(DATA TO USE Opens)
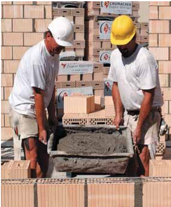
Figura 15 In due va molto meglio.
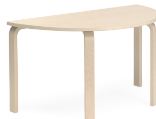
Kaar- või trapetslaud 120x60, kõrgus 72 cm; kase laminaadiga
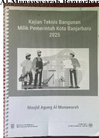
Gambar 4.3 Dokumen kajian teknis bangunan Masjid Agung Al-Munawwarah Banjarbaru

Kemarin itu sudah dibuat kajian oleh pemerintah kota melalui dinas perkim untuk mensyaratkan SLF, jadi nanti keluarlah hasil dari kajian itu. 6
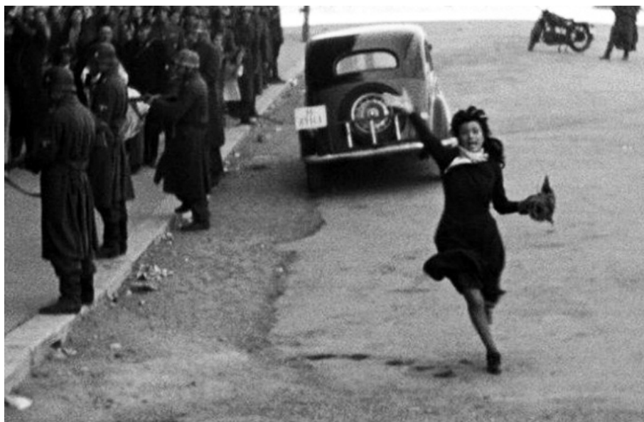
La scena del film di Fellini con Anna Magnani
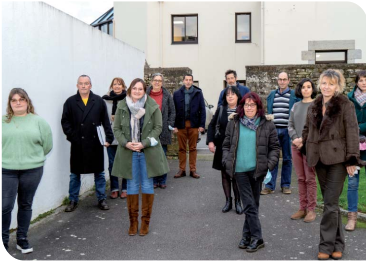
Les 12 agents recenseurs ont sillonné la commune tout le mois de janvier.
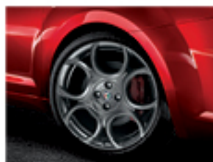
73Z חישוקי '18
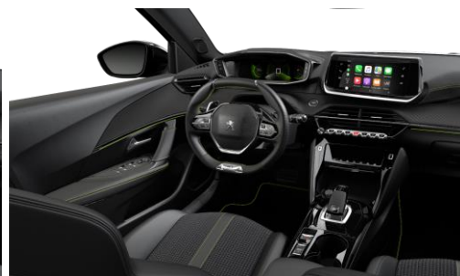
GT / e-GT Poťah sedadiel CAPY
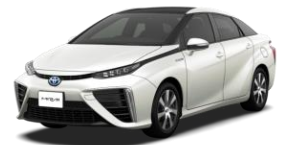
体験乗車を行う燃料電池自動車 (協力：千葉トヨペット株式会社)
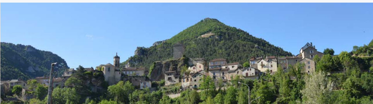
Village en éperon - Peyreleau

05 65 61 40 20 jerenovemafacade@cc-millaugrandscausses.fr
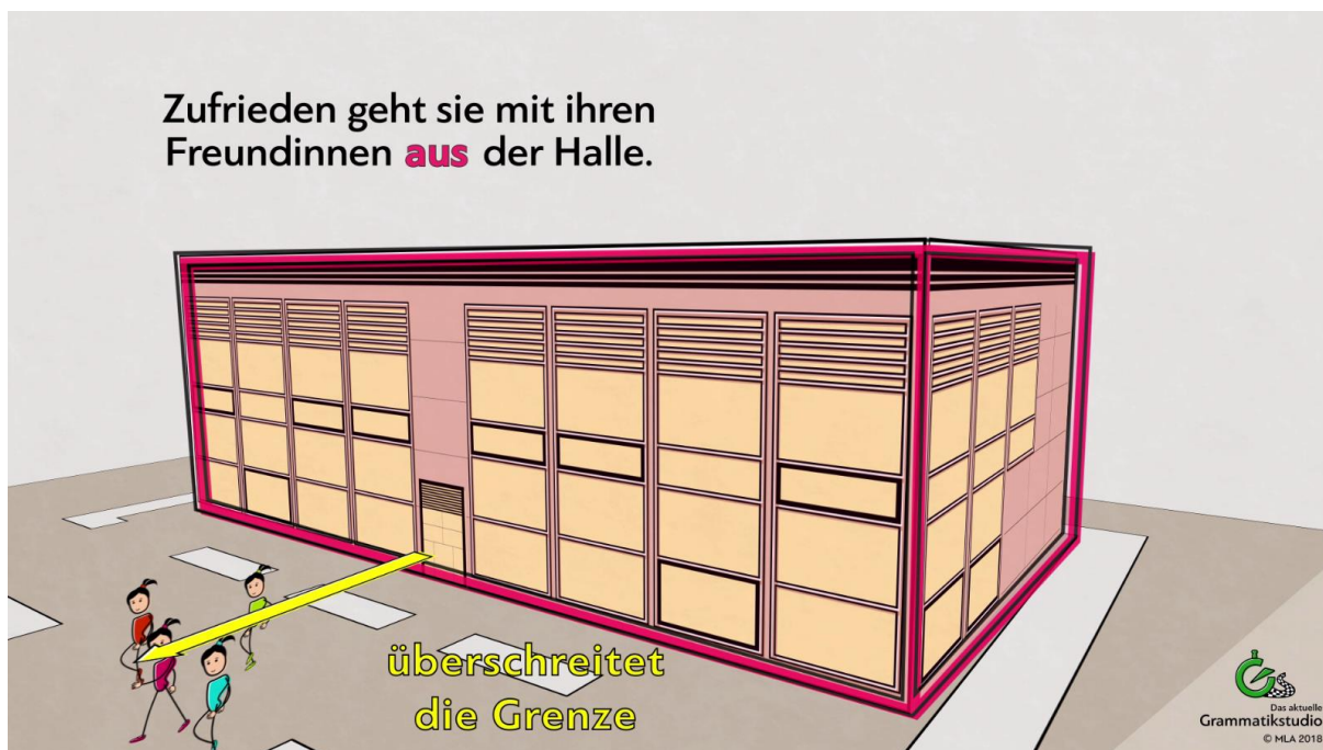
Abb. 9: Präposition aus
(DATA TO USE Closes)
Take every line above that includes "kajian" and list it.

• TASK ANSWER
Gambar 4.3 Dokumen kajian teknis bangunan Masjid Agung Al-Munawwarah Banjarbaru
Kemarin itu sudah dibuat kajian oleh pemerintah kota melalui dinas perkim untuk mensyaratkan SLF, jadi nanti keluarlah hasil dari kajian itu. 6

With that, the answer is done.